Issuer Earnings Show Consumers Struggling With Timely Credit Card Payments

The general tone of earnings season has been cautiously optimistic, as banks and payment networks have pointed to the willingness of consumers to keep spending.

But some trends bear watching, particularly the delinquency and charge-off trends of those same firms.

Delinquencies are a useful harbinger of charge-offs, as issuers deem debt uncollectible after a set amount of time, write the debt off, and there’s a ripple effect: The collections efforts ding consumers’ credit reports, and banks tighten their lending practices, which winds up making credit less available to the economy at large.

PYMNTS Intelligence has noted that carrying credit card debt is a fact of life for a large majority of the population.
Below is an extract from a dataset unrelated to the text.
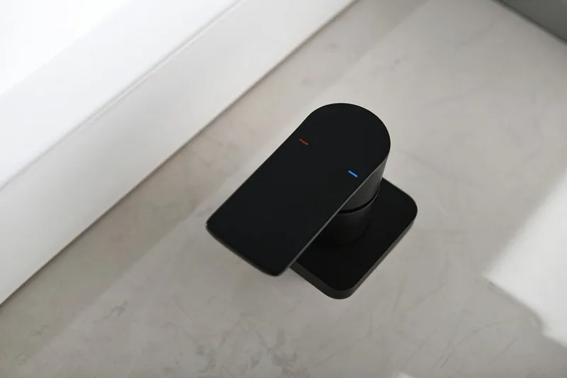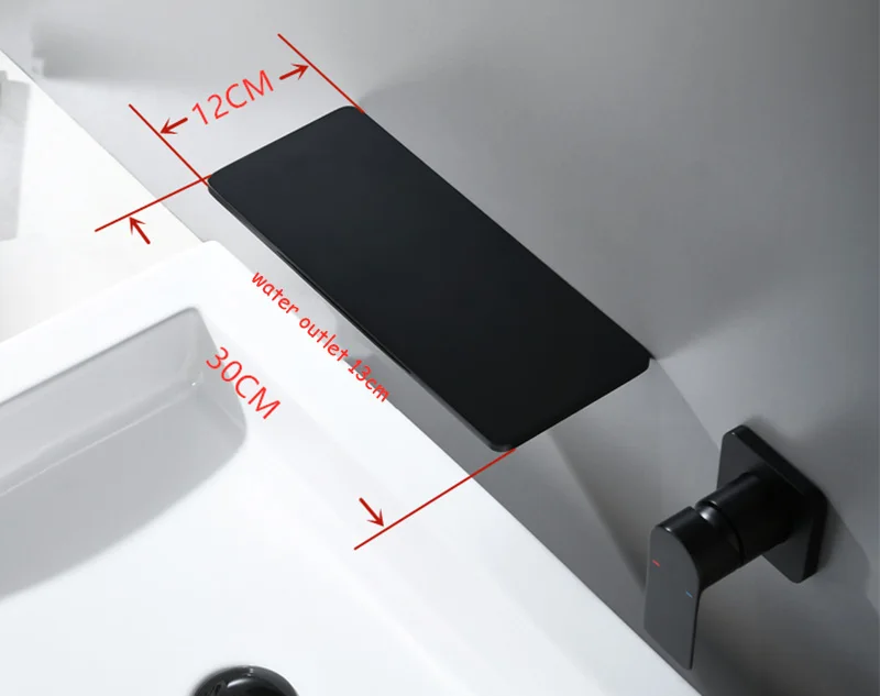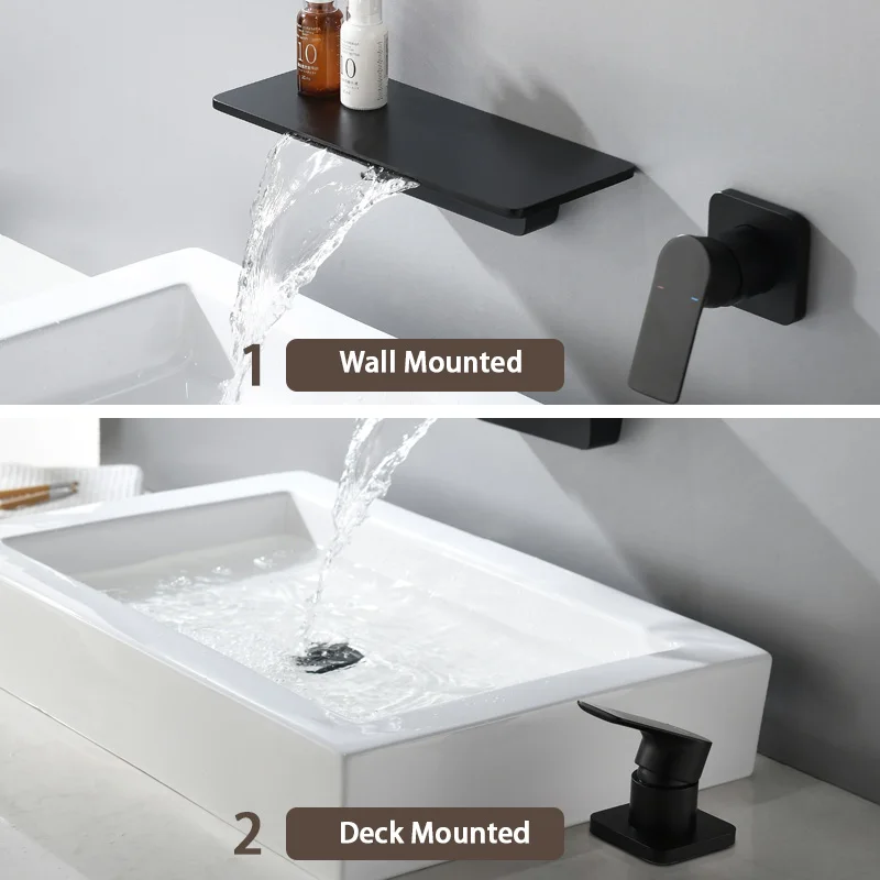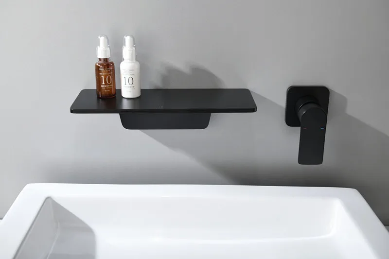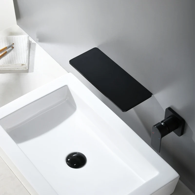 Настенный смеситель для раковины, матовый черный латунный смеситель-водопад для ванной комнаты, краны для холодной и горячей воды

Research detailed late last year that fully three-quarters of consumers had card debt; the percentage skews higher for cardholders who state they live paycheck to paycheck.

Bit of Pressure?

And as for how those same consumers are keeping up with their payments, as shown in the chart below, some metrics remain steady: The share of consumers who paid all of the monthly balance due stood at about 55% at the end of last year, which is actually a bit better than the roughly 52% seen during the summer. But the share of consumers paying only the minimum amount due ticked up, to 12.9% into December. 

At the same time, we’ve seen the percentages of those cardholders paying “most” or “half” of the monthly balance decline a bit. The share of those paying none of what’s owned was indicated at about 3.3% at the end of the year, continuing a bit of a lumpy trend through the past few months, but above the 1.9% that had been measured in April.

 

 

Separately, in aggregate fashion, the St. Louis Federal Reserve has estimated that as of the end of the third quarter, delinquency rates on credit card loans, as measured across all commercial banks  was 3.3%, up from 2.1% that had marked the third quarter of 2022.

As seen in the chart below, for the latest reported data from the Fed headed into the summer but still showing the trends, we see that the charge-off rates on cards (again, debt that’s been written off) was north of 4.6%, leagues above the 1.7% at the beginning of 2022.

 

 

There have been some bright spots of note. Discover Financial’s fourth quarter results, for instance, indicated that the charge-off rates on card loans were a bit more than 5%, which was actually about 0.25% better than the third quarter, though above the 4.7% for the fourth quarter of the previous year. Delinquency rates were just about flat quarter over quarter. 

Discover Financial Service’s SEC filings (such as for the third quarter, the most recent available) estimate that about 20% of its credit card loans are held by customers with a 660 or lower FICO score, so the data demonstrate that consumers card payment activity has been better in the fourth quarter than the third, but worse than last year.

Conversely, Bank of America, which has an average FICO score of 778 across its own card portfolio reported a net charge-off ratio of 3.79%, which is better than the larger trends from the Fed, while above the 3% charge-off rate of a year ago.

Elsewhere, Capital One, as PYMNTS reported late last month, reported that the 30-day-plus delinquency rate improved. The 30-day-plus delinquency rate at the end of December was 4.53%, down 0.08% basis points from the prior year. The reported net charge-off rate was 6%, up from last year’s 5.3%.